◆ Work request:
Of all the entries below, retype only the lines from the one with "Nằm tại tỉnh" through the one with "En tunnelrutsjebane med sving kan", exactly as they appear.

◆ The data:
>>>
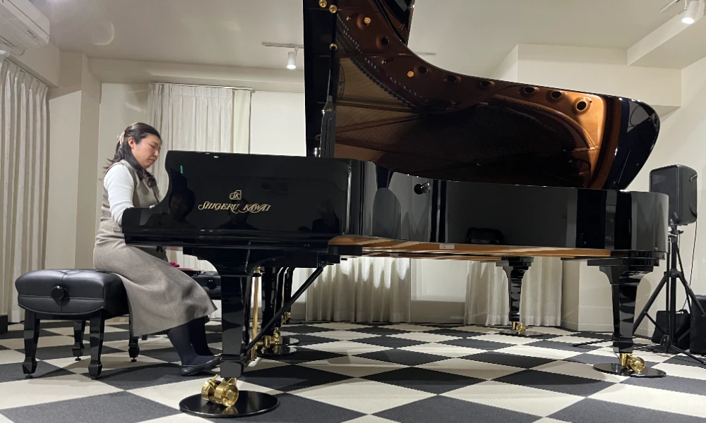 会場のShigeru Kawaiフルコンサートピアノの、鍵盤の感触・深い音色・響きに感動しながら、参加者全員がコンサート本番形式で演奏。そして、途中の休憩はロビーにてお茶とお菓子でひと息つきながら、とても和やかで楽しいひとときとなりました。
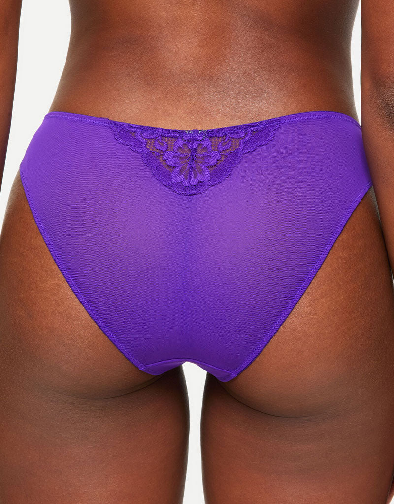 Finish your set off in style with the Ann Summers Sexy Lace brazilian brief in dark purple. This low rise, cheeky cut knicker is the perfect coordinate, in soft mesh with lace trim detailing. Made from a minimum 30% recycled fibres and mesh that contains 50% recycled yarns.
<<<
>>>
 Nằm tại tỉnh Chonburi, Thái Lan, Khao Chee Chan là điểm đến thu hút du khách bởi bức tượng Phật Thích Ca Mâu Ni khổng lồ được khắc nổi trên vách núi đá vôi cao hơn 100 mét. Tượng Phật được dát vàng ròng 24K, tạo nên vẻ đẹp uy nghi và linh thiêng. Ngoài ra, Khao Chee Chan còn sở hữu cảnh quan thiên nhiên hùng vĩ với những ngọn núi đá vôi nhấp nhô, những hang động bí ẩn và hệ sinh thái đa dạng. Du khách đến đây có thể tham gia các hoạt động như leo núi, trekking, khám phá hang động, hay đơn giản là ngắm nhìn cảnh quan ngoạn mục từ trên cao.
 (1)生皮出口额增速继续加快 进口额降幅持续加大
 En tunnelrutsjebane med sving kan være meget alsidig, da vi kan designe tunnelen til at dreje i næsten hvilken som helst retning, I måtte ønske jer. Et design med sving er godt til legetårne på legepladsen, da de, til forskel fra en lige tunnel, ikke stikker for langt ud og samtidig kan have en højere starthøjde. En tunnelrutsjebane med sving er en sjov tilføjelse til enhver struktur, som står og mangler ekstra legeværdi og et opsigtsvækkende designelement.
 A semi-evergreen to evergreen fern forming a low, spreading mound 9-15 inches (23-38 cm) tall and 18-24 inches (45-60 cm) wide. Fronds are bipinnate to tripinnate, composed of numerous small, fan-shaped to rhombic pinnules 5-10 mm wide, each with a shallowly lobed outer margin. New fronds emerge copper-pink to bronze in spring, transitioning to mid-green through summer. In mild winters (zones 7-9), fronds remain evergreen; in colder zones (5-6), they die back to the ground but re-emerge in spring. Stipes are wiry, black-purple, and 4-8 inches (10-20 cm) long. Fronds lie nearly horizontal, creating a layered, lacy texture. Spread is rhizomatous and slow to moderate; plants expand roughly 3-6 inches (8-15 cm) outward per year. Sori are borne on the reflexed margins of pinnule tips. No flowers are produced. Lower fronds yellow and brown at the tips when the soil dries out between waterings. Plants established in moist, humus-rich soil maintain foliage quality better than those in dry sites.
<<<
◆ Answer:
 Nằm tại tỉnh Chonburi, Thái Lan, Khao Chee Chan là điểm đến thu hút du khách bởi bức tượng Phật Thích Ca Mâu Ni khổng lồ được khắc nổi trên vách núi đá vôi cao hơn 100 mét. Tượng Phật được dát vàng ròng 24K, tạo nên vẻ đẹp uy nghi và linh thiêng. Ngoài ra, Khao Chee Chan còn sở hữu cảnh quan thiên nhiên hùng vĩ với những ngọn núi đá vôi nhấp nhô, những hang động bí ẩn và hệ sinh thái đa dạng. Du khách đến đây có thể tham gia các hoạt động như leo núi, trekking, khám phá hang động, hay đơn giản là ngắm nhìn cảnh quan ngoạn mục từ trên cao.
 (1)生皮出口额增速继续加快 进口额降幅持续加大
 En tunnelrutsjebane med sving kan være meget alsidig, da vi kan designe tunnelen til at dreje i næsten hvilken som helst retning, I måtte ønske jer. Et design med sving er godt til legetårne på legepladsen, da de, til forskel fra en lige tunnel, ikke stikker for langt ud og samtidig kan have en højere starthøjde. En tunnelrutsjebane med sving er en sjov tilføjelse til enhver struktur, som står og mangler ekstra legeværdi og et opsigtsvækkende designelement.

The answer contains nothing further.